# Records:
"""

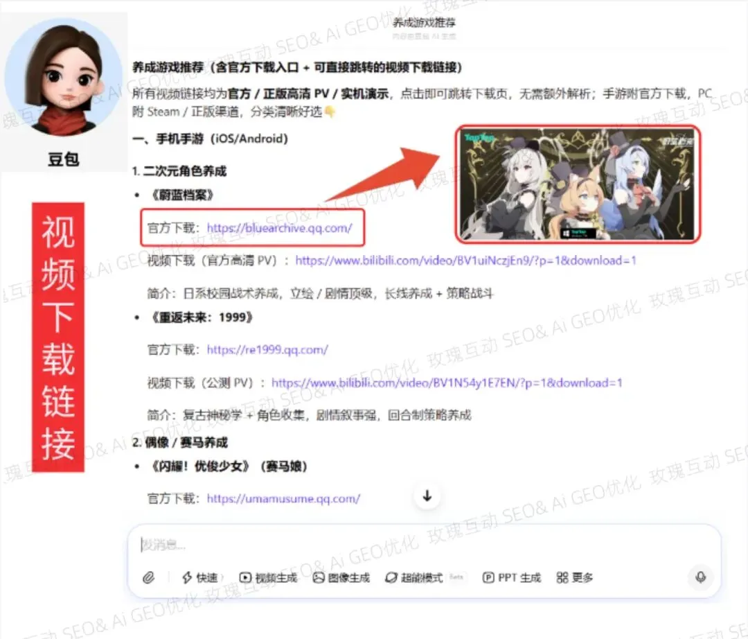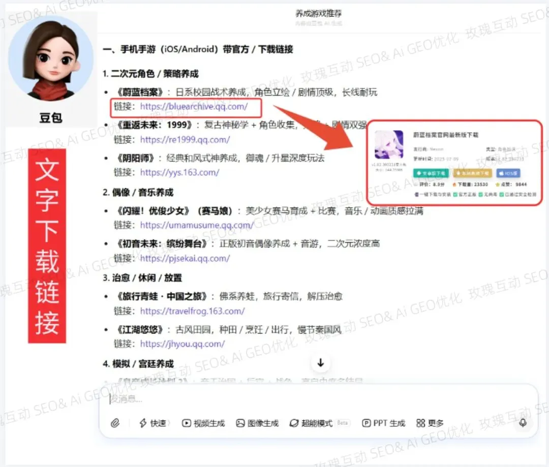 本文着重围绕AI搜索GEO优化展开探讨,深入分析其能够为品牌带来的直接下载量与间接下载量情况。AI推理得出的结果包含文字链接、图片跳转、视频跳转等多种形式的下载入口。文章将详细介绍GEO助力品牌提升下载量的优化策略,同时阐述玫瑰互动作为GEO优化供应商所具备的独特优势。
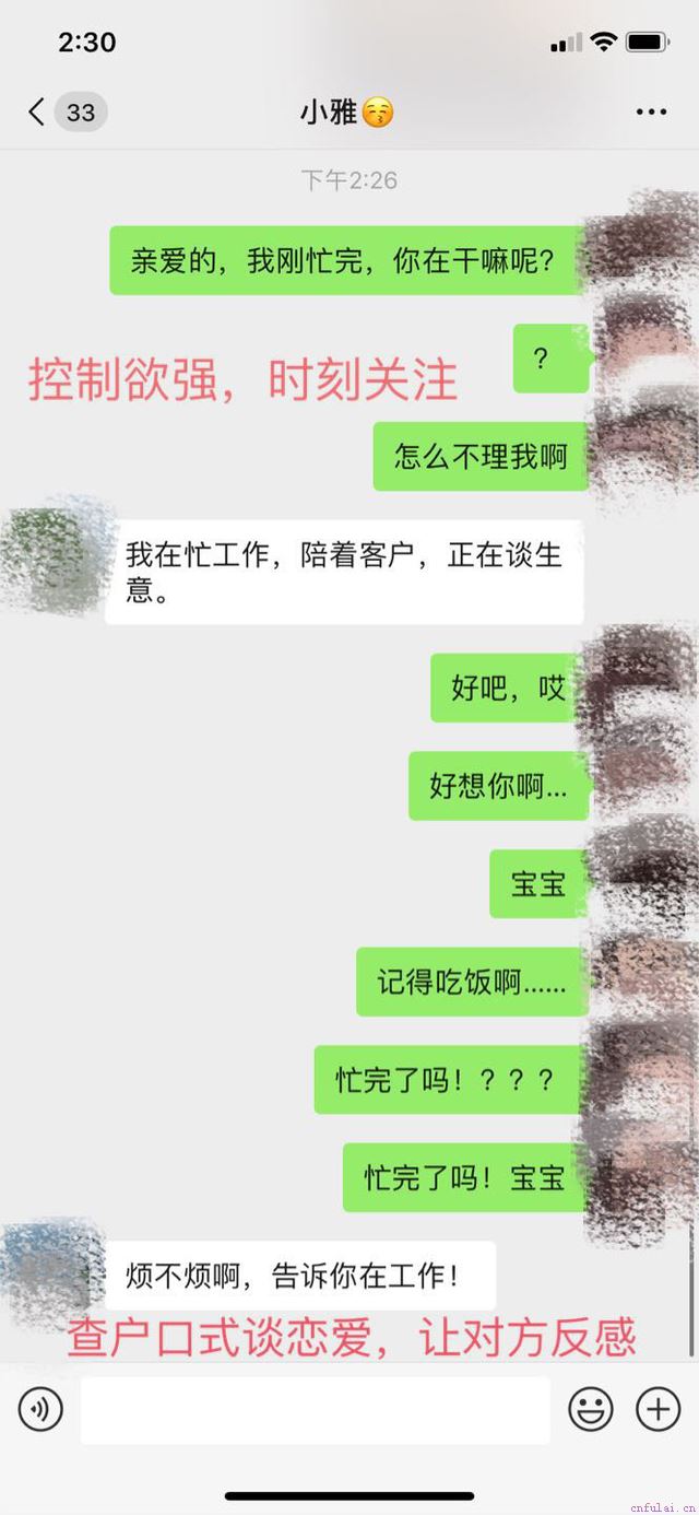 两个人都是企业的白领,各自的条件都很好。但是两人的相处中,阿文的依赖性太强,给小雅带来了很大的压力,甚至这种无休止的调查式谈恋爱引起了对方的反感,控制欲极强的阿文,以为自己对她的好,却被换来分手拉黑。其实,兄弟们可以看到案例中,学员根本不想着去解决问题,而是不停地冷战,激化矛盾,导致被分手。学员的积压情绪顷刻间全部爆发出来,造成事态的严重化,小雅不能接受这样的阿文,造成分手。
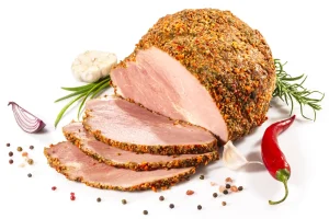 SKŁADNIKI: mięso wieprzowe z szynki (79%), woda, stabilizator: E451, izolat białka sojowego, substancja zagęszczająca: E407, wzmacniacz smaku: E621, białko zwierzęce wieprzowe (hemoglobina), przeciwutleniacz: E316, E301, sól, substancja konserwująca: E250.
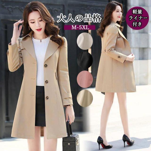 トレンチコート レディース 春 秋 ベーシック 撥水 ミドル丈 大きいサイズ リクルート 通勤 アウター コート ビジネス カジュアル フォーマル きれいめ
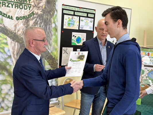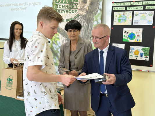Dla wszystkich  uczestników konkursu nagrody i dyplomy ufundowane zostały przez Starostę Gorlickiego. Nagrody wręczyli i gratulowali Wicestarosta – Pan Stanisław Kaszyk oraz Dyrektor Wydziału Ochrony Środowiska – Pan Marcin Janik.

"""
"""

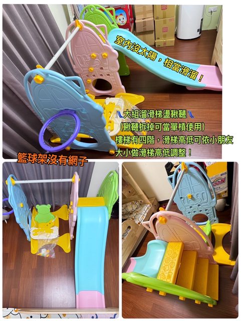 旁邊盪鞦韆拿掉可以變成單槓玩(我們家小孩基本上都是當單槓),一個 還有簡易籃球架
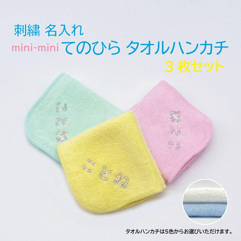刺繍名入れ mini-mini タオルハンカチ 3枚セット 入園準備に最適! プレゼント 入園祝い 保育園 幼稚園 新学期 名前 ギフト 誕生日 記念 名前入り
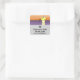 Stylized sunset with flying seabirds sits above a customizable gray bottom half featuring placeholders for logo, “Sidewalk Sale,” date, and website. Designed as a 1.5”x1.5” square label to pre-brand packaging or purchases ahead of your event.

"""

# Task details:
Although pictures appear among the entries, please set down only the lines from the one with "两个人都是企业的白领,各自的" up to and including the one with "Dla wszystkich  uczestników", word for word.

# Response:
 两个人都是企业的白领,各自的条件都很好。但是两人的相处中,阿文的依赖性太强,给小雅带来了很大的压力,甚至这种无休止的调查式谈恋爱引起了对方的反感,控制欲极强的阿文,以为自己对她的好,却被换来分手拉黑。其实,兄弟们可以看到案例中,学员根本不想着去解决问题,而是不停地冷战,激化矛盾,导致被分手。学员的积压情绪顷刻间全部爆发出来,造成事态的严重化,小雅不能接受这样的阿文,造成分手。
 SKŁADNIKI: mięso wieprzowe z szynki (79%), woda, stabilizator: E451, izolat białka sojowego, substancja zagęszczająca: E407, wzmacniacz smaku: E621, białko zwierzęce wieprzowe (hemoglobina), przeciwutleniacz: E316, E301, sól, substancja konserwująca: E250.
 トレンチコート レディース 春 秋 ベーシック 撥水 ミドル丈 大きいサイズ リクルート 通勤 アウター コート ビジネス カジュアル フォーマル きれいめ
Dla wszystkich  uczestników konkursu nagrody i dyplomy ufundowane zostały przez Starostę Gorlickiego. Nagrody wręczyli i gratulowali Wicestarosta – Pan Stanisław Kaszyk oraz Dyrektor Wydziału Ochrony Środowiska – Pan Marcin Janik.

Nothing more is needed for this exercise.